Inductive Assertions and Operational Semantics

J Strother Moore
March 28, 2003

Abstract

This paper shows how classic inductive assertions can be used in conjunction with an operational semantics to prove partial correctness properties of programs, without the introduction of a verification condition generator.

In particular, we show how a formal statement about the operational semantics can be deduced more or less directly from verification conditions. Indeed, we show how the verification conditions can be generated as a side-effect of a ``natural'' proof strategy.

Both iterative and recursive programs are considered. Assertions are attached to the program by defining a predicate on states. This predicate is then ``completed'' to an alleged invariant by the definition of a tail-recursive partial function defined in terms of the state transition function of the operational semantics.

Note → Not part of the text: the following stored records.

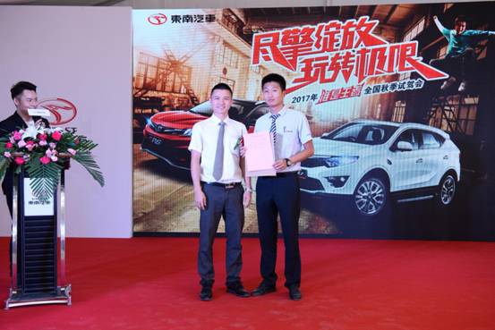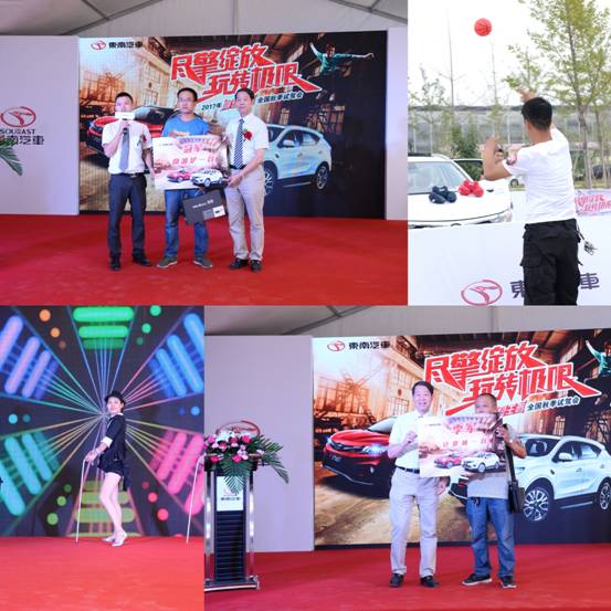專業(yè)車手精彩絕倫的雙車特技表演之后,現(xiàn)場來賓開啟試駕體驗(yàn)活動(dòng)。試駕科目包括直線加速、緊急避讓、緊急制動(dòng)、天窗投籃和盲駕入庫等一系列的試駕動(dòng)作。試駕結(jié)束后,根據(jù)試駕成績,總成績排名前三的來賓分別獲得了主辦方提供的精美禮品一份,同時(shí)試駕冠軍也獲得了10月22日滄州總決賽資格,總冠軍將贏取東南DX3一年使用權(quán)!這一系列的試駕體驗(yàn)不僅考驗(yàn)來賓的操控技術(shù),更是對(duì)新款東南DX7的全方位考驗(yàn)。
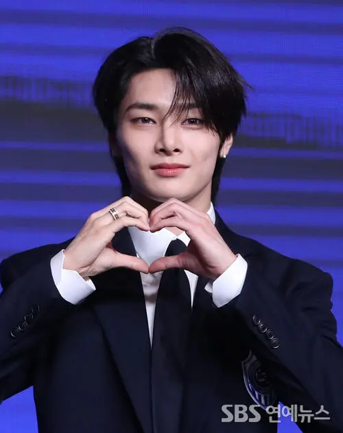 I.N of Stray Kids, the group's youngest member, attended a press conference for the fourth studio album, 'KARMA,' at Conrad Seoul in Yeongdeungpo-gu on the morning of Aug. 22, striking a cute heart pose during the photo call.
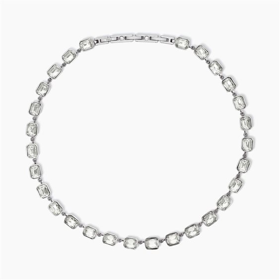 Girocollo regolabile con cristalli ottagonali bianchi taglio grande. • Diametro cristalli tondi: 3 mm • Dimensione cristalli ottagonali: 10 x 8 mm • Misura regolabile, lunghezza da 39 a 42,5 cm • Materiale: Acciaio 316L, Cristalli
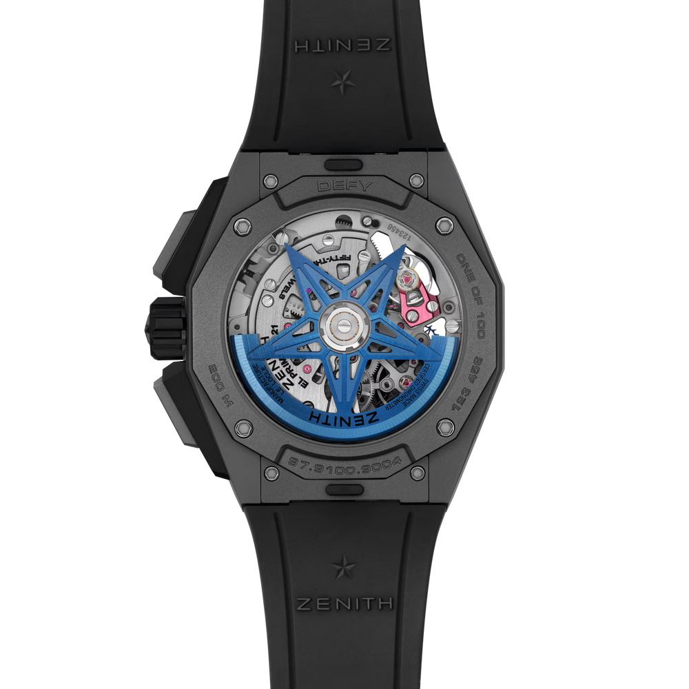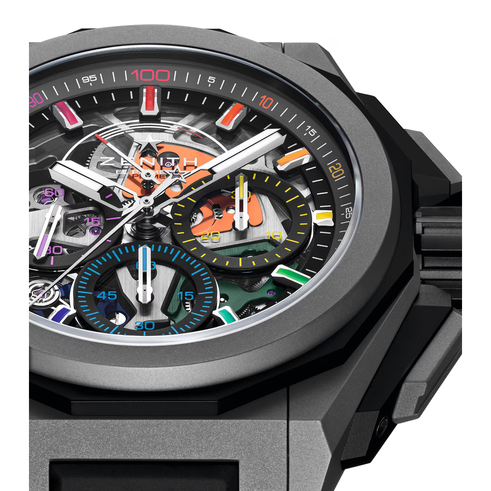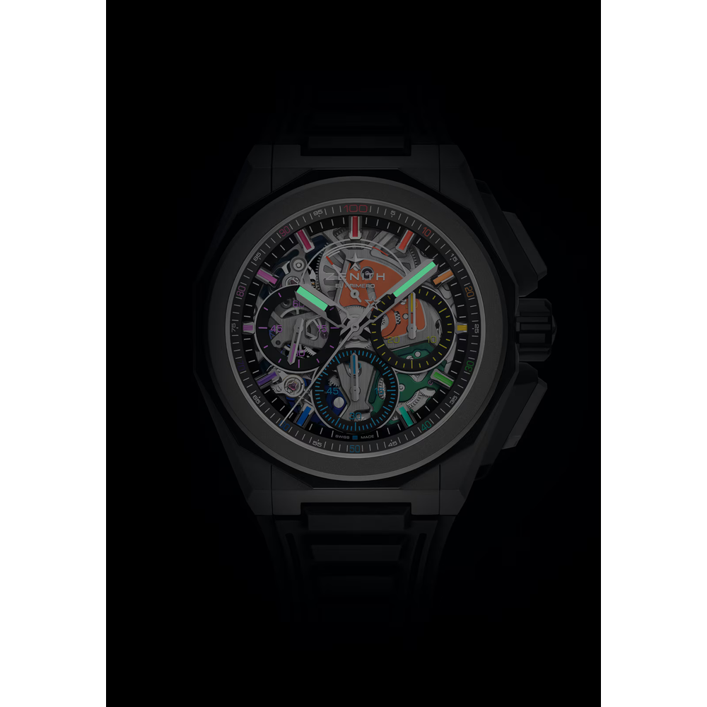 Limitée à seulement 100 exemplaires, la DEFY Extreme Chroma montre une façon d’explorer la couleur sans restriction. Ce chronographe en titane microbillé affichant les 1/100e de seconde est animé par le mouvement automatique El Primero 9004 à double architecture. Un premier échappement oscille à 5 Hz (36 000 alt/h) pour garantir un chronométrage précis, tandis que le second fonctionne à la fréquence étonnante de 50 Hz (360 000 alt/h) pour entraîner le chronographe.
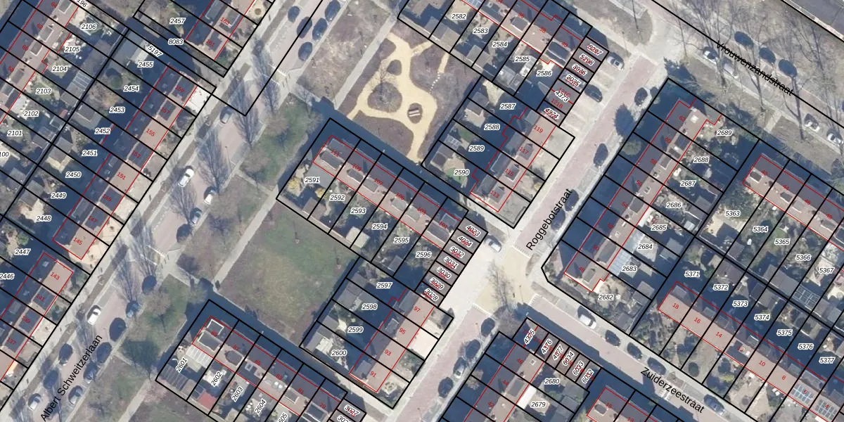 Het perceel waarop Roggebotstraat 103 staat heeft een oppervlakte van 141 m². Dit is een middelgroot perceel. De perceeloppervlakte wordt geregistreerd door het Kadaster. Gedetailleerde informatie over de maten van dit perceel kunt u vinden in het rapport Kadastrale kaart met maatvoering van Roggebotstraat 103.

If this alleged invariant can be proved to be an invariant under the state transition function, it follows that the assertions are true every time they are encountered in execution and thus that the post-condition is true if reached from a state satisfying the pre-condition. But because of the manner in which the alleged invariant is defined, the verification conditions are sufficient to prove invariance. The fact that the assertions are completed via tail-recursion means that it is unnecessary to prove that the completion process terminates. Indeed, the invariant function may be thought of as a state-based verification condition generator built in a single function definition from the state transition function of the operational semantics.

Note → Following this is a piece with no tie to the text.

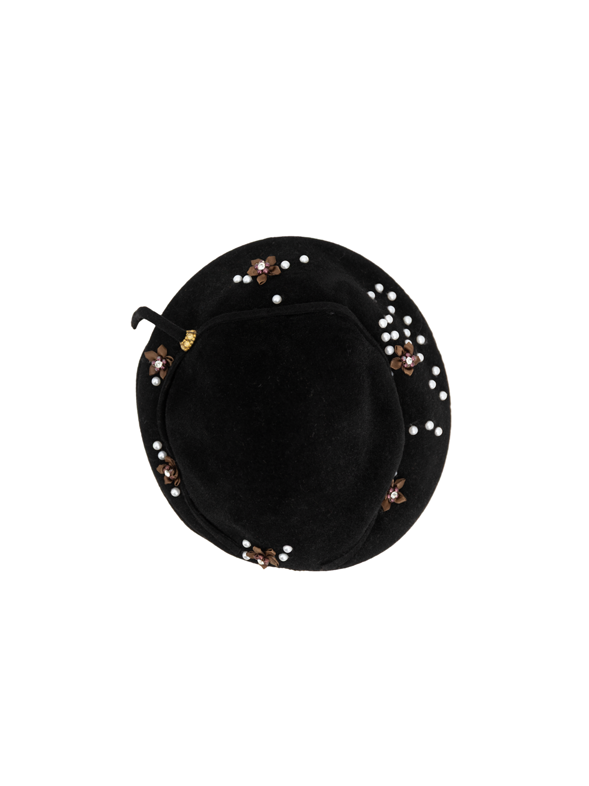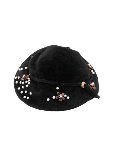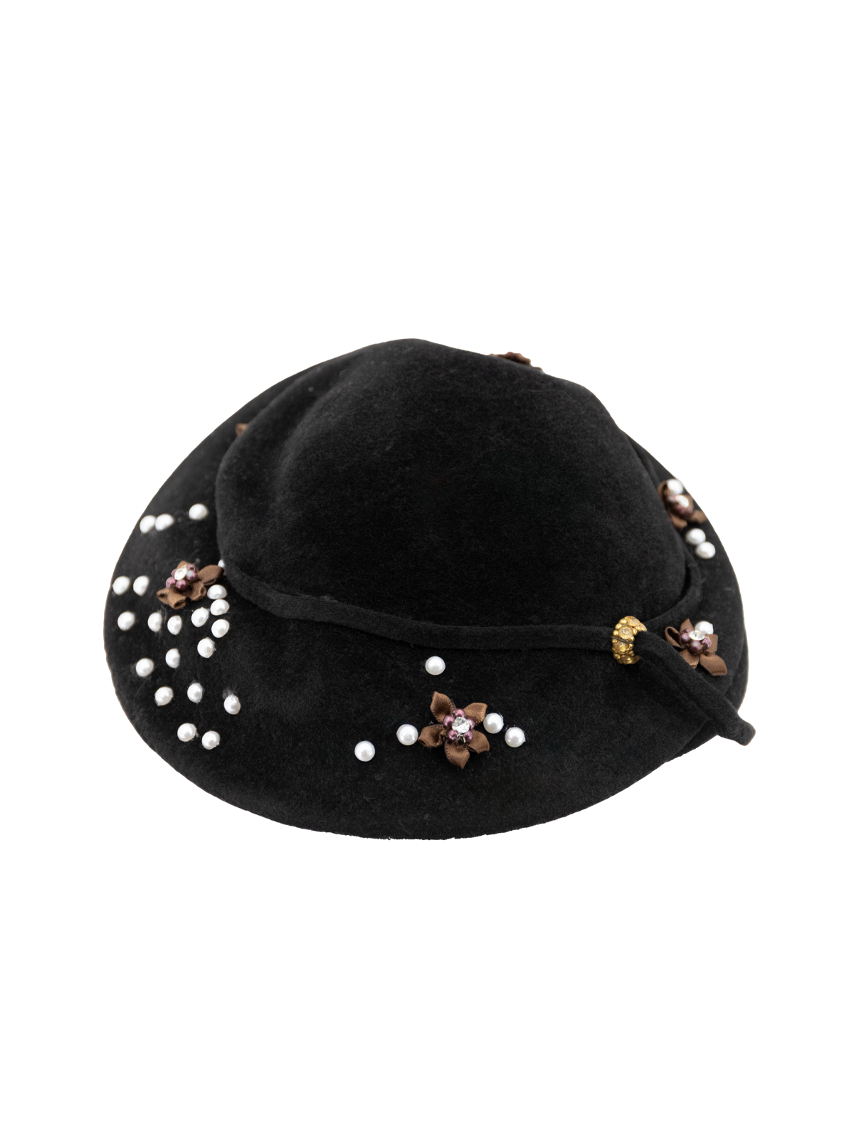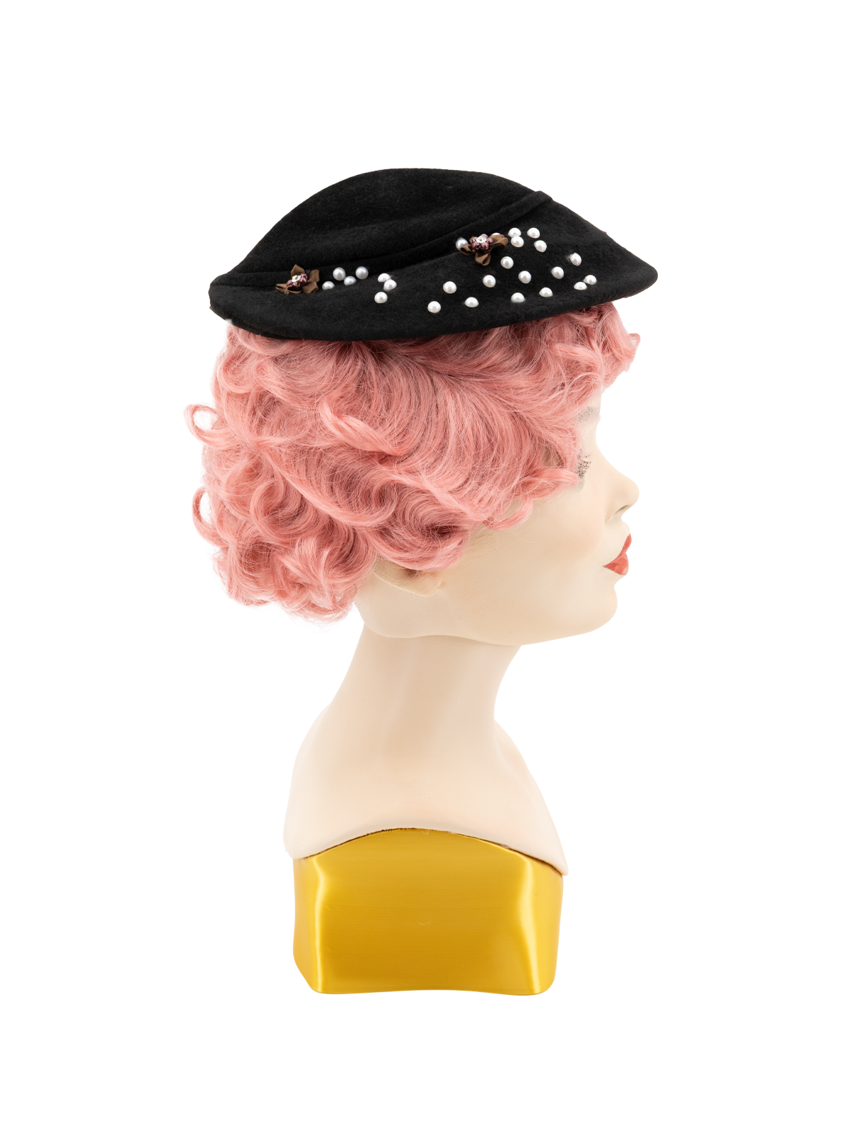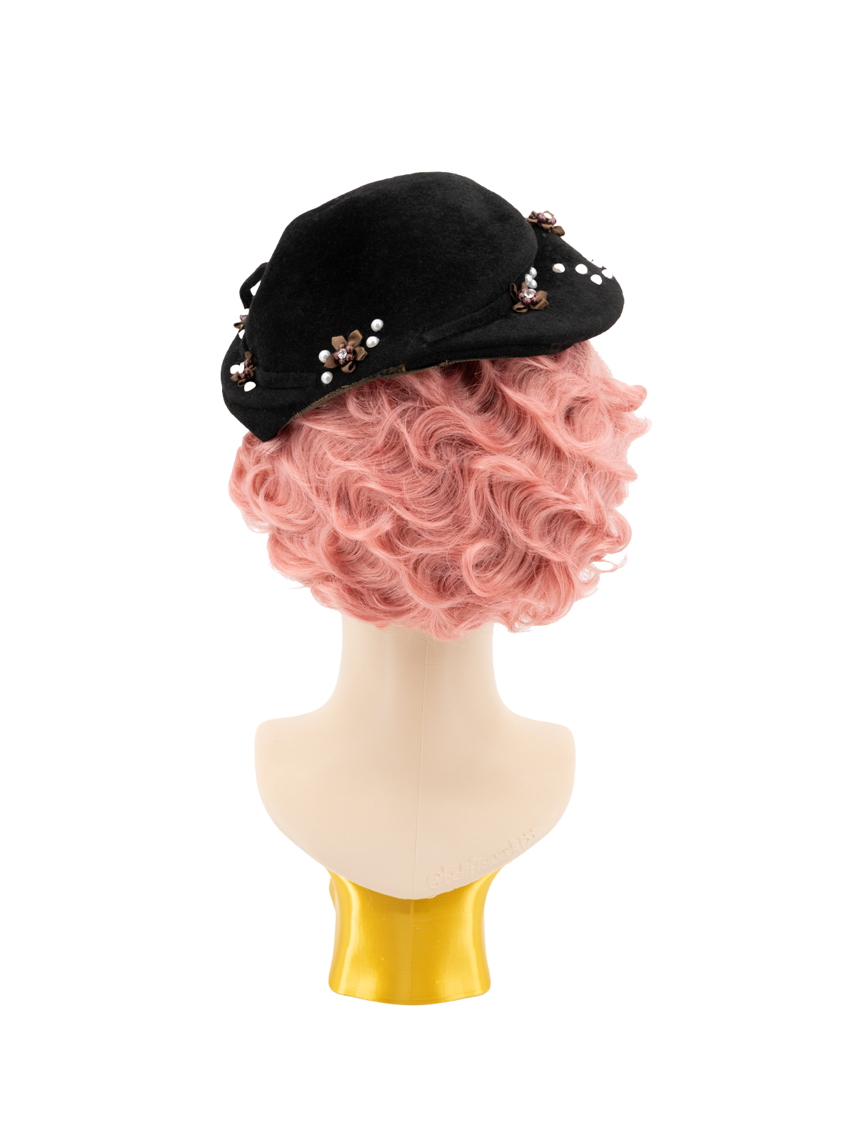 1950s Velour Faux Pearl Decor Occasion Hat - Black

The method allows standard inductive assertion style proofs to be constructed directly in an operational semantics setting. To demonstrate the technique, a pre-existing model of the Java Virtual Machine is used as the operational semantics. Partial correctness theorems about several simple Java methods are presented. These theorems are contrasted total correctness results proved by defining ``clock functions'' that characterize how many steps are to be executed.

Relevant Files

Recertifying

After downloading all of the supporting files above, edit the file utilities.lisp. In it you will find include-book commands that mention the standard books books/arithmetic/top-with-meta and books/ihs/quotient-remainder-lemmas. Change these pathnames to those for your machine.

Then, while connected to the directory on which you downloaded the files, fire up ACL2 and execute (ld "certify.lsp" :ld-pre-eval-print t).

Recertification takes just a few minutes.